Publicado em 7 de setembro de 2024 às 05:00

 Irá Carvalho da Íris Produções  e os filhos, Mariana e João Paulo Carvalho
Irá Carvalho da Íris Produções e os filhos, Mariana e João Paulo Carvalho Crédito: Ana Albuquerque/ CORREIO

Apenas 48h para executar algo que jamais imaginou fazer. Nascida e criada nos bastidores de shows de grandes artistas nacionais e internacionais, Mariana Carvalho, já não se assusta com mais nenhum pedido mais diferente na hora de montar um camarim. Principalmente se essa artista for internacional e atende pelo nome de Beyoncé:

“Desde a barriga da minha mãe estou acostumada com o universo artístico.

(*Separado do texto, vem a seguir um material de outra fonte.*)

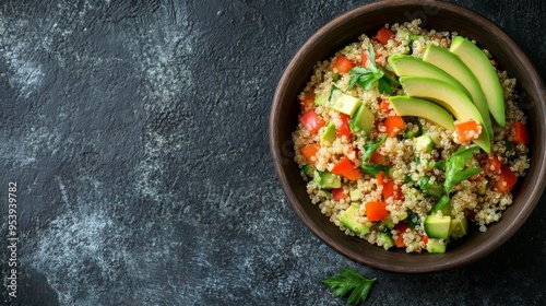 A high-quality stock image of a healthy quinoa salad with avocado on the right side, leaving space on the left for text. Ideal for health-focused content, nutritional guides, and recipe showcases.

Já tenho uma facilidade por ter relações com os produtores e os mesmos se sentirem seguros com a minha entrega. Mas confesso que fazer o catering de Beyoncé foi um desafio. Foi pedido um chocolate específico da marca Dengo, toalhas da MMartan e taças de cristais. Porém, não deixamos de inserir no cardápio nossas iguarias baianas na esperança dela comer um pãozinho delícia e nunca mais esquecer”, lembra Mariana sobre a passagem meteórica de 'Bey' em

Salvador.

Naquela noite fatídica e inesquecível para Mariana, muita gente duvidou se realmente Beyoncé vinha ou não vinha, se era fake ou não. A mulher não só veio de surpresa lançar o documentário sobre sua turnê Renaissance como também virou a chave do Catering Mari Carvalho. “Nesse mesmo dia estávamos produzindo o camarim de Roberto Carlos na Arena Fonte Nova. Duas entregas gigantes em tempo recorde. Tenho consciência que sou privilegiada por ter oportunidades e feito relações através de minha mãe. Mas para você permanecer no mercado a competência fala mais alto”.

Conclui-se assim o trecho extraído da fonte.